5 Misconceptions and truths about Fats

  1. Eating a low-fat diet is the key to weight loss.
    Truth: The obesity rates for Americans have more than doubled in the last 20 years, coinciding with the low-fat craze. Cutting calories is the key to weight loss, and since fats are filling, they can help curb overeating.
  2. All fats are equal—and equally bad for you.
    Truth: Saturated fats and trans fats are the bad fats for you because they raise your cholesterol and increase your risk for heart disease.  But monounsaturated fats and polyunsaturated fats are good for you, doing the exact opposite by lowering cholesterol and reducing your risk of heart disease.
  3. Fat-free means healthy.
    Truth: A “fat-free” label doesn’t mean you can eat all you want without consequences to your waistline.  Most fat-free foods are high in sugar, refined carbohydrates, and calories. Stuff you don’t want if you are trying to lose weight pretty much.
  4. All body fat is the same.
    Truth: Where you carry your body fat matters and most people are unaware of this.  The health risks are actually greater if you carry your weight around your abdomen, instead of say your hips and thighs. A lot of belly fat is stored deep below the skin surrounding the abdominal organs and liver, and is linked to insulin resistance and diabetes.
  5. Lowering the amount of fat you eat is what matters the most.
    Truth: The mix of fats that you eat, rather than the total amount in your diet, is what matters most when it comes to your cholesterol and health. The key is to eat more good fats and less bad fats.

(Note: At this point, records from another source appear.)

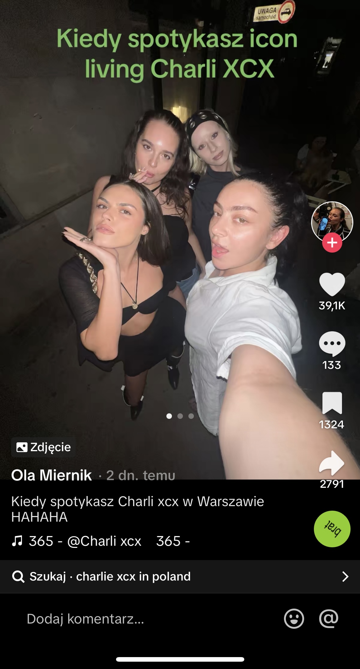 Kilka dni temu Charli XCX pochwaliła się na TikToku, że jest już w Warszawie.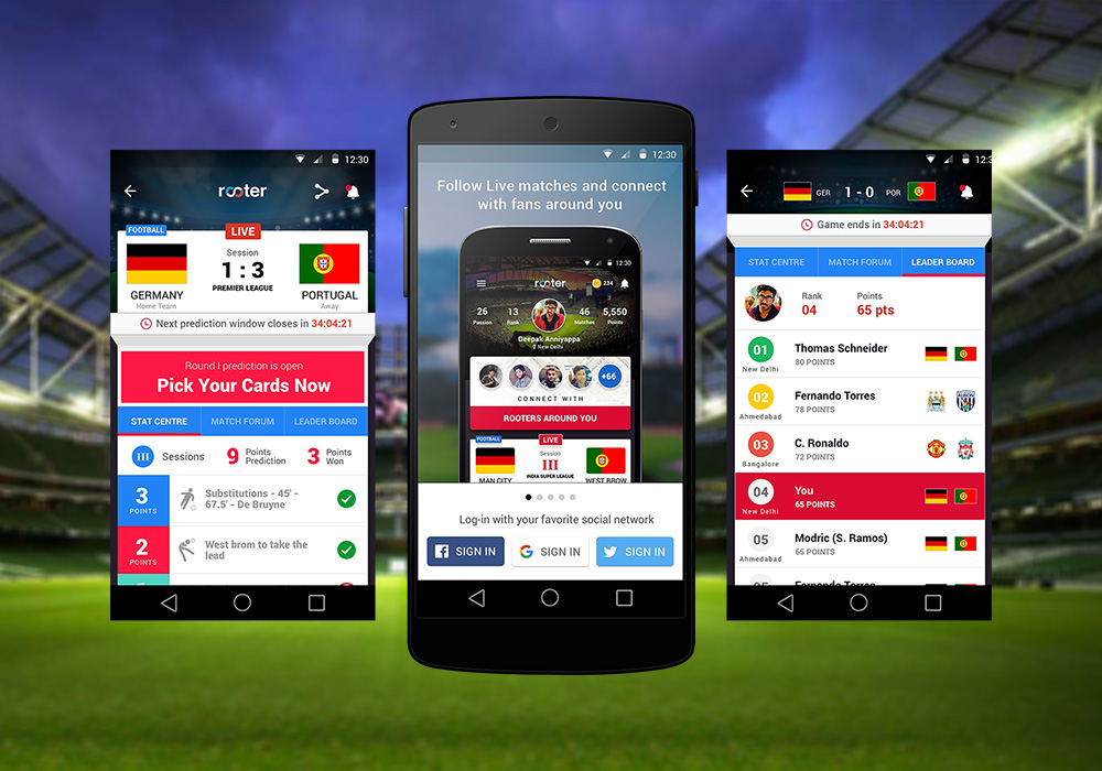 Rooter was launched in May 2016 by Piyush Kumar, Akshat Goel, and Soham Sinha to bridge the gap in the sports fan engagement market through a tech product. The platform currently covers football, cricket, tennis and basketball.
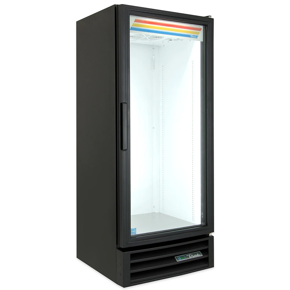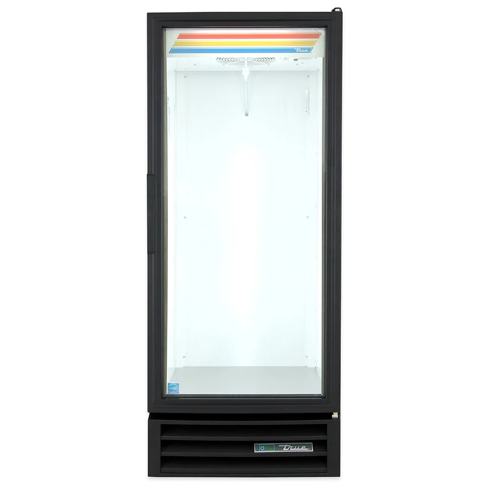 The True GDM-12-HC~TSL01 one-section glass door merchandiser has a white aluminum interior that brightens the cabinet. The stainless steel floor has a built-in drain that facilitates cleaning the interior. Foamed-in-place polyurethane insulation in the cabinet helps cold air stay inside and gives structure. The black powder-coated, heavy-duty steel frame rail is corrosion resistant and has leg levelers for uneven floor installation. A black powder-coated exterior hides dents and scratches well and resists peeling and chipping.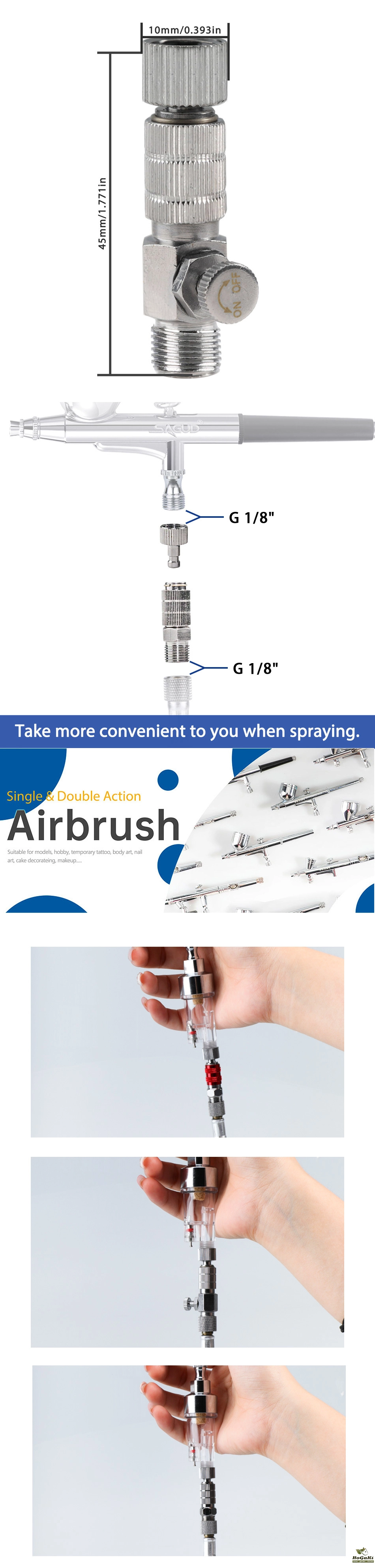 Easy to connect and disconnect airbrush kit without screw trouble. You can change several airbrush guns quickly and easily when you use multiple hot air brushes with singe airbrush hose. Take convenient on air brush with compressor kit, air brush for painting, airbrush makeup, air brush for painting models, airbrush kit for cake decorating and so on.

A Guide to Eating Healthy Fats

  • Don’t go no-fat go GOOD FAT
  • You should be eating omega-3 fats every day. Good sources include fish, walnuts, canola oil, ground flax seeds, flaxseed oil, and soybean oil.
  • Try to eliminate trans fats from your diet. Avoiding commercially-baked goods goes a long way. Also limit fast food since they usually are packed with trans fats.
  • Limit your intake of saturated fats by cutting back on red meat and full-fat dairy foods. Try replacing red meat with beans, nuts, poultry, and fish whenever possible, and switching from whole milk and other full-fat dairy foods to lower fat versions.

Sources of Saturated Fats

Healthier Options

Butter Olive oil
Cheese Low-fat or reduced-fat cheese
Red meat White meat chicken or turkey
Cream Low-fat milk or fat-free creamer
Eggs Egg whites, an egg substitute (e.g. Eggbeaters), or tofu
Ice cream Frozen yogurt or reduced fat ice cream
Whole milk Skim or 1% milk
Sour cream Plain, non-fat yogurt

How much fat is too much fat?

Say no to fast food

A general rule try to go by is to try and I repeat TRY and have fat only be around 30% of your calories a day. Believe it or not alot of peoples fat intake is over 50% and they don’t even know it. Fast food is fat food so try and stay away from it. an addition the the rule of only 30% of your calories only 10% of that 30% should be from saturated fat and only 1% from Trans fat

For those who hate math I will do it for you.  For a 2000 calories diet

  • 200 Calories from Saturated fats
  • 2 grams per day

I hope this will help you differentiate what the good fats and bad fats are.